In a statement on Saturday, Central Command reiterated the account it gave the newspaper that 80 people were killed in the strikes including 16 ISIS fighters and four civilians. The military said it was unclear if the other 60 people were civilians, partly because women and children could have been combatants.
In Saturday's statement, the military said the strikes were "legitimate self-defense," proportional and that "appropriate steps were taken to rule out the presence of civilians."
"We abhor the loss of innocent life and take all possible measures to prevent them. In this case, we self-reported and investigated the strike according to our own evidence and take full responsibility for the unintended loss of life," Central Command said.
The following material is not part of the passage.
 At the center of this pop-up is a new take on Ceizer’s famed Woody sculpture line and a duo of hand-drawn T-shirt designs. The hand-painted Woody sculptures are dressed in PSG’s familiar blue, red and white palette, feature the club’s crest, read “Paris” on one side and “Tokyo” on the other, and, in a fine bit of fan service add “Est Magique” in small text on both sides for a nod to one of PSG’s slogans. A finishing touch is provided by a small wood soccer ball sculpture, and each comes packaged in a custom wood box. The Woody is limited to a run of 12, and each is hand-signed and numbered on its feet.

The number of civilians among the 60 fatalities could not be determined because "multiple armed women and at least one armed child were observed" in video of the events, it said, adding that the majority of the 60 were likely combatants.
Central Command said the strikes took place while Syrian Democratic Forces (SDF) were under heavy fire and in danger of being overrun and the SDF had reported the area clear of civilians.
The Defense Department's inspector general launched an inquiry into the March 18, 2019, incident, but its report was ultimately "stripped" of any mention of the bombing and a thorough, independent probe never took place, according to the Times. The newspaper said its report was based on confidential documents and descriptions of classified reports, as well as interviews with personnel directly involved.
An Air Force lawyer present in the operations center at the time believed the strikes were possible war crimes and later alerted the Defense Department's inspector general and the Senate Armed Services Committee when no action was taken, the Times said.